Traditional neuropsychological testing continues to play an important role in capturing the nature and extent of cognitive deficits and aiding clinicians in the diagnostic process. Such measures are administered in carefully controlled conditions that utilize normative data and allow examiners to observe potentially diagnostically relevant behavioral factors such as process-oriented test performance features, emotional affect and social reciprocity, and other non-test behaviors including neurobehavioral signs that may have diagnostic relevance. However, it is likely that in the future, proxies for some of these non-test observational factors can be met via passive monitoring and artificial intelligence-driven capture of behavior and symptoms to further optimize remote assessment.
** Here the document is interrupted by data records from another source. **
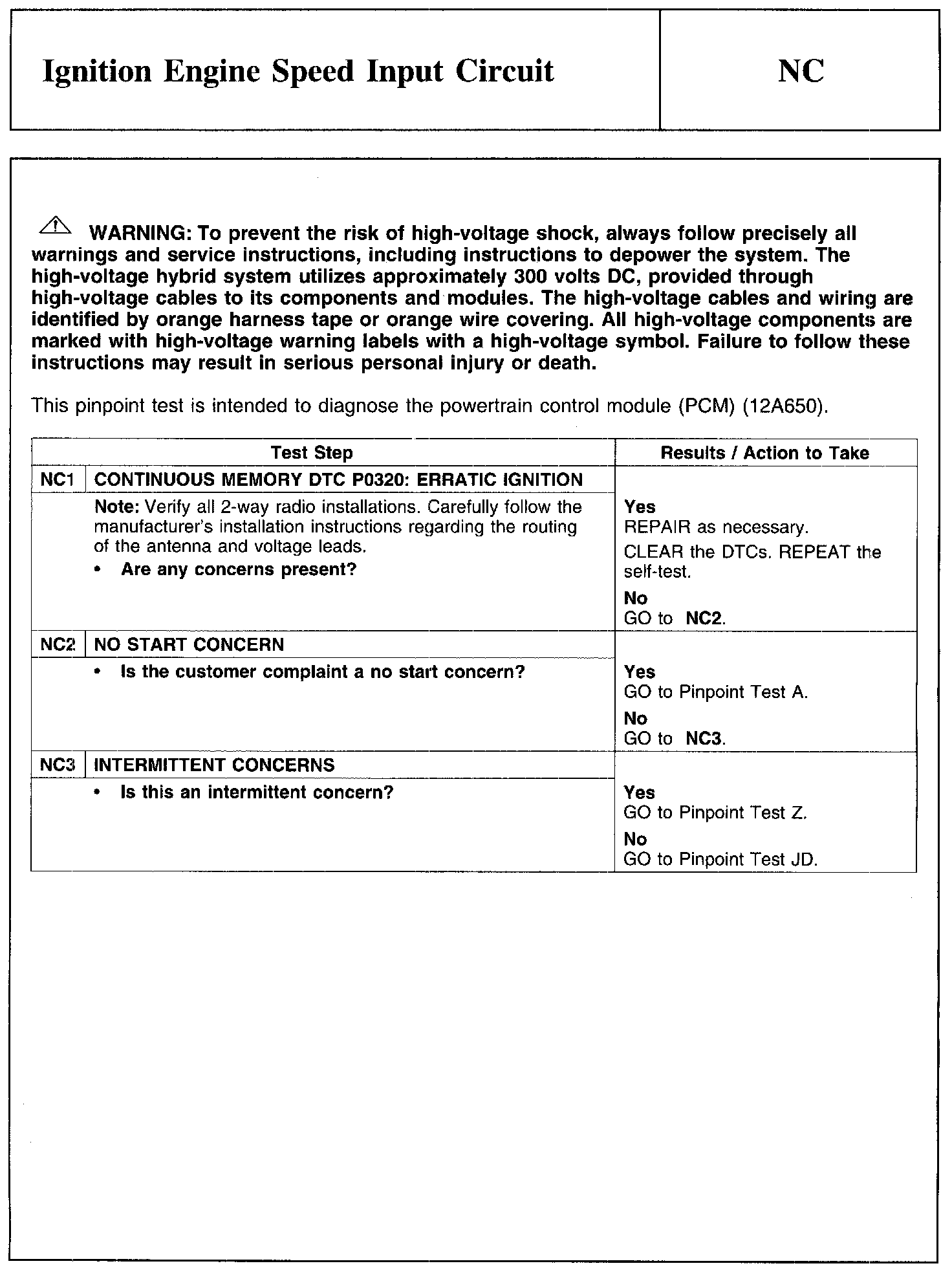 PINPOINT TEST NC: IGNITION ENGINE SPEED INPUT CIRCUIT
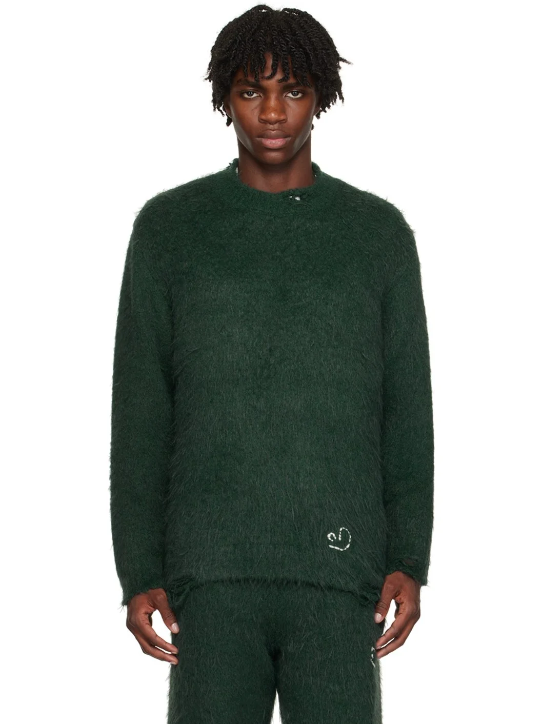 Brushed knit nylon- and wool-blend sweater. Distressing throughout. · Rib knit crewneck, hem, and cuffs · Logo graphic embroidered at front and back · Dropped shoulders · Thumbhole at cuffs Supplier color: Green 60% nylon, 40% wool. Made in South Korea 232039M201002
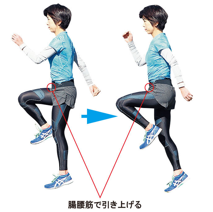 着地時にブレーキをかけず、重心位置に乗ったスムースな足の動きを習得するエクササイズ。その場でリズミカルに「モモ上げ」を繰り返し、その流れで前方へ走り抜ける。太モモも高く上げることで、しっかりと足を上から下ろすことができ、フラットに近い着地がしやすくなる。

With the current abundance of research in this space, digital cognitive assessment tools are poised to undergo further refinements and integration with other technologies, and will play an important role in AD/ADRD clinical research.
Conclusions
In summary, this study significantly supports the feasibility, acceptability, and reliability of self-administered, high-frequency cognitive assessments via smartphones in older adults, particularly those at risk for AD. The findings not only replicate strong test reliability, validity, and adherence but also provide valuable insights into factors affecting adherence and performance. The anticipation of learning one’s test results emerges as a potential motivator, having some impact on both reaction times and initial adherence. The study suggests that delayed feedback may still enhance task engagement, offering a practical alternative to delivering real-time results during remote testing. Moreover, our examination of assessment timing reveals a preference for morning sessions, which should be considered for optimizing future protocols. The reliability and validity of M2C2 smartphone-based assessments, including their consistent associations with same-domain standard neuropsychological measures, suggests that with further refinement, such remote cognitive assessment tools could potentially be scalable for screening and monitoring use in clinical settings.
Supplementary material
The supplementary material for this article can be found at https://doi.org/10.1017/S1355617724000328.
Acknowledgments
None.
Financial support
This work was supported by Alzheimer’s Association grant AACSF-20-685786 (Thompson, PI) and by NIA grant T32 AG049676 to Penn State University.
Competing interests
Dr Thompson has been a paid consultant for the Davos Alzheimer’s Collaborative. Dr Stephen Salloway has been a paid consultant for Lilly, Biogen, Roche, Genentech, Eisai, Bolden, Amylyx, NovoNordisk, Prothena, Ono, and Alnylam. All other authors have nothing to disclose.